Alors, est-ce que c'était le meilleur Super Bowl de l'histoire? La question était de toutes les discussions au gros party d'après-match de la NFL, dimanche soir, au centre-ville de Tampa. Certains disaient que oui, d'autres penchaient plutôt pour les grandioses spectacles du passé signés Montana, Aikman ou Namath...

C'est une question de goût. D'époque aussi; je n'étais pas né en 1969, mais ceux qui ont vu Broadway Joe Namath mener ses Jets à la victoire ce soir-là en parlent encore avec des yeux d'enfants.

Moi, mon choix reste le 42e, il y a un an. Pour la qualité du spectacle, mais surtout pour la qualité des forces en présence. Patriots contre Giants, une équipe invaincue contre une équipe surprise. Sans oublier le catch de David Tyree et la passe d'Eli vers Plaxico Burress à la fin... Dur à battre.

Le 43e Super Bowl aura tout de même été l'un des meilleurs. Kurt Warner qui enfonce 377 verges de gains dans la gorge des Steelers. Larry Fitzgerald qui se pousse sur 64 verges pour le touché. Le gros Harrison qui ramène l'objet à l'autre bout sur 100 verges. Et la poussée magique fabriquée par Roethlisberger à la fin. Frissons garantis.

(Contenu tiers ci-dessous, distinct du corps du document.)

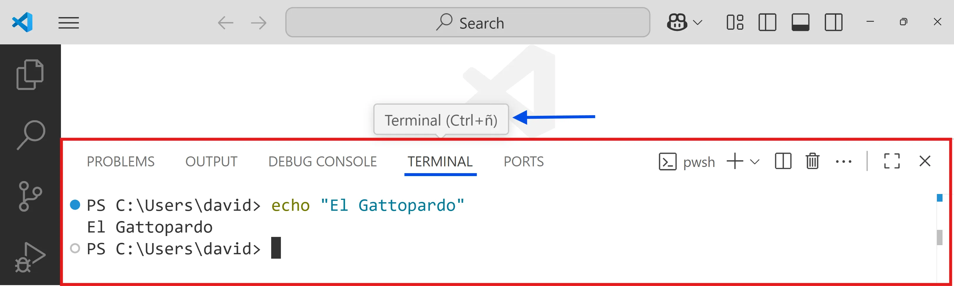 També pots obrir el terminal integrat a la zona de Panells. El terminal integrat proporciona una interfície de línia d’ordres per al teu sistema operatiu.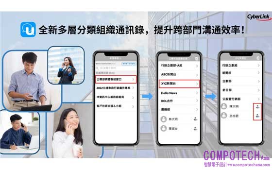 2022年05月09日--多媒體創作軟體及 AI 人工智慧領導廠商訊連科技(5203.TW)推出「U 通訊」7.5 版本。全新「組織通訊錄」功能支援多層分類設定,可依照專案類型或組織架構編列多本通訊錄,供成員快速查找聯絡人,減少多向溝通之時間成本,於疫情間更可協助企業提升內外跨部門之專案合作效率,並隨時保持流暢的溝通管道。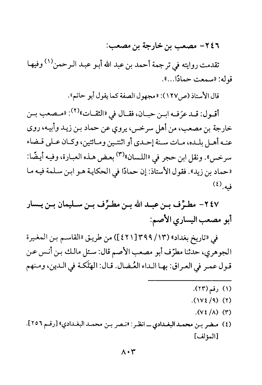 أقول: قد عرَفه ابن حبان، فقال في «الثقات» (¬٢): «مصعب بن خارجة بن مصعب، من أهل سرخس، يروي عن حماد بن زيد وأبيه، روى عنه أهل بلده، مات سنة إحدى أو اثنتين ومائتين، وكان على قضاء سرخس». ونقل ابن حجر في «اللسان» (¬٣) بعض هذه العبارة، وفيه أيضًا: «حماد بن زيد». فقول الأستاذ: إن حمادًا في الحكاية هو ابن سلمة فيه ما فيه. (¬٤)

Au même party d'après-match, plusieurs membres des médias s'insurgeaient contre les arbitres, trop pro-Steelers à leur goût. Ce fut pas mal pire au 40e Super Bowl, si vous voulez mon avis, mais la question demeure: comment expliquer que personne n'ait jugé bon de revoir l'échappé de Kurt Warner à la fin? Si c'était pas le tuck rule de Tom Brady, c'était pas loin... Avec la pénalité de 15 verges, les Cards auraient eu le ballon au 29 des Steelers.

Mais bon. On retiendra de ces Steelers qu'ils formaient une solide équipe... qui comprenait très bien le concept d'équipe, justement.

«Nous ne montrons jamais personne du doigt dans notre vestiaire, a expliqué l'entraîneur Mike Tomlin hier matin. Nous avons toujours préféré gagner nos matchs en équipe. C'est notre façon de faire. Nous ne nous préoccupons pas de ce que les gens pensent de certains de nos joueurs. Nous nous préoccupons du résultat final de chaque match.»

Dans le délire médiatique de l'après Super Bowl, certains collègues des médias se permettent toujours d'en beurrer épais. C'est encore arrivé hier. Je ne compte plus le nombre d'experts qui ont parlé des Steelers comme d'une équipe de grande classe, d'une «organisation modèle», de la «plus grande organisation du sport professionnel de tous les temps».

Comme on a la mémoire courte.

On semble oublier que les Steelers ne sont pas étrangers aux scandales, comme la majorité des équipes du football américain. Rappelons que le héros James Harrison a été arrêté pour une affaire de violence conjugale il y a un an (madame avait choisi de laisser tomber les accusations par la suite). Rappelons que les Steelers, selon plusieurs anciens joueurs, auraient été les premiers à populariser l'usage de stéroïdes dans cette ligue au cours des années 70 (lire à ce sujet le livre d'un ancien Steelers, Steve Courson, False Glory: Steelers and Steroids).

On peut admirer cette organisation pour sa patience et son approche méthodique. Mais de là à parler d'une équipe à la réputation immaculée, il y a un énorme pas. Ceci est la NFL, après tout.

Et puisqu'on est dans les délires médiatiques, voici que certains «experts» n'hésitent plus à placer Ben Roethlisberger au zénith des quarts, en compagnie de Joe Montana, Peyton Manning et Tom Brady...

Ces comparaisons sont si ridicules qu'elles ne méritent même pas qu'on s'y attarde. Juste pour la forme, rappelons quand même que Tom Brady a été sacré joueur le plus utile au Super Bowl à deux reprises. Roethlisberger? Jamais. La raison en est simple: contrairement aux trois autres, gros Ben n'est pas la raison principale des succès de son équipe.

Ce qui ne lui enlève rien, remarquez. Le numéro 7 remplit son rôle à merveille dans le système des Steelers. Face aux Cards, il a réussi 70% de ses tirs. C'est la plus grande différence dans son jeu, lui qui gaffait trop souvent dans un passé pas si lointain. Sur la poussée victorieuse dimanche soir, il s'est sorti du pétrin à plusieurs reprises, et a lancé le ballon juste au bon endroit vers un Santonio Holmes en état de grâce dans la zone des buts.

«Beaucoup d'autres quarts ont de bien meilleures statistiques, a fait remarquer le receveur Hines Ward. Mais la seule chose qui compte avec Ben, c'est qu'il est un gagnant.»

C'est la seule chose qui compte, en effet.